Here are some stem cell stories that caught our eye this past week. Some are groundbreaking science, others are of personal interest to us, and still others are just fun.
Making stem cells feels young again. Stem cells are supposed to rejuvenate our tissues, whether brain or muscle, and keep them functioning at their peak. But the aging process seems to poison the environment where stem cells reside and prevent them from getting the job done.
A CIRM-funded team at the University of California, Berkeley, has found a drug that can reverse the effect of aging and make the stem cells function better and in turn make tissues behave like younger versions of brain or muscle. Their previous work had shown that old tissues had much more of one growth factor, TGF-beta1, than young tissue. When the team, led by David Schaffer and Irina Conboy, blocked the activity of that growth factor with a cancer drug already in clinical trials they saw rejuvenated youthful tissue—in mice.
HealthCanal picked up the university’s press release, in which Schaffer described the broad effect of the treatment:
“We established that you can use a single small molecule to rescue essential function in not only aged brain tissue but aged muscle. That is good news, because if every tissue had a different molecular mechanism for aging, we wouldn’t be able to have a single intervention that rescues the function of multiple tissues.”
The team, however, noted that multiple molecular signals are in play in the aging stem cell’s environment and optimum intervention may require using more than one drug and getting the dosages just right. Conboy said that the task was to “recalibrate the environment to be youth-like.”
Maturing of the heart. Scientists can turn embryonic stem cells into most forms of adult tissue, but often those tissues don’t function like fully mature forms of the organ they are supposed to be. Now a consortium of researchers has identified a molecular switch that seems to be able to take stem cells and get them to form fully mature heart muscle.
In an interview with Genetic Engineering & Biotechnology News, senior author on the paper Hannele Ruohola-Baker of the University of Washington noted the breakthrough:
“Although we can now induce embryonic stem cells to become heart cells, getting them to mature to an adult-like state remains a significant challenge. We believe we’ve now found the master switch that drives the maturation process.”
The researchers found the molecular switch by studying many of the genetic switches called micro-RNAs in both young and old heart muscle cells. The one linked to helping stem cells mature interestingly is also involved in up-regulating metabolism and it makes sense that a supercharged metabolism would be valuable for fully functional heart muscle.

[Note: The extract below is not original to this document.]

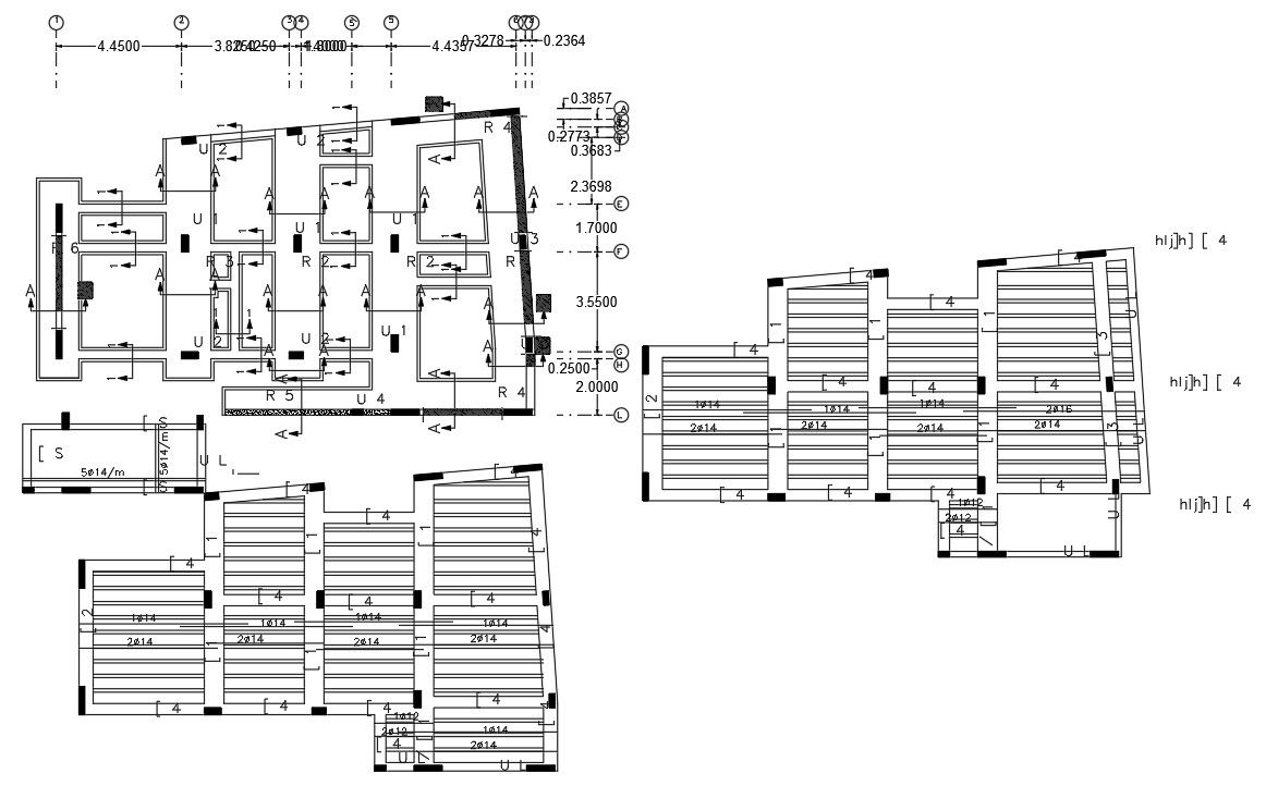 2d CAD drawing of column footing plan with excavation detail and slab reinforce bar which are supported on column and beam. download DWG file of column footing plan excavation drawing with dimension detail.

Some answers may be coming on stem cells and knees. While many clinics around the word offer to treat arthritic knees with stem cells taken from a patient’s own fat—often for large sums of money—very little data exist on the outcomes of those treatments. So, it was great to read this week that a European consortium is about to launch a large trial that should provide some quality data.
The ADIPOA-2 trial will enroll 150 patients in a randomized way so that the stem cell treatment can be compared to standard therapies, and the researchers will handle processing of the fat stem cells in a consistent way across clinics in four countries. It follows a phase 1 ADIPOA trial with 18 patients that showed promising results.
Frank Barry of the National University of Ireland Galway is coordinating the phase 2 trial and was quoted in the university’s press release picked up by HealthCanal:
“The results from ADIPOA’s first-in-man-trials were very encouraging and paved the way for another study to further test the safety and effectiveness on a wider scale. ADIPOA-2 is bringing together Europe’s leading scientific, clinical and technical expertise on this project.”
A lingering question remains about how long any benefit from the stem cell therapy will last. Some researchers have suggested that fat stem cells can only form soft cartilage like in your ear lobe and not the articular hard cartilage normally in your knee. So, it will take some years of follow-up to see if any new cartilage made by the stem cells can stand up to the beating of a good tennis match or hike up a mountain.
CIRM funds a research team at the University of Calirfornia, San Diego, that believe they have found a way to get embryonic stem cells, which are more versatile than fat stem cells, to form the hard articular cartilage.
Great hope in tiny little organs. For the past couple years one of the hottest areas of stem cell science has been growing stem cells in 3-D cultures in the lab and getting them to self organize into multi-tissue layers that mimic some function of one of our vital organs. It has been done for the eye, lung, liver, kidney and brain, but the first was the intestine, and the researcher behind the advance, Hans Clevers, dubbed them “organoids.”
The journal Nature just published a good Q&A interview with Clevers who works at the Hubrecht Institute Utrecht, the Netherlands. In it he describes how organoids will be a useful tool for drug screening and how his team is working on ways that organoids made from a patient’s own cells could be tested in the lab for sensitivity to specific cancer therapies.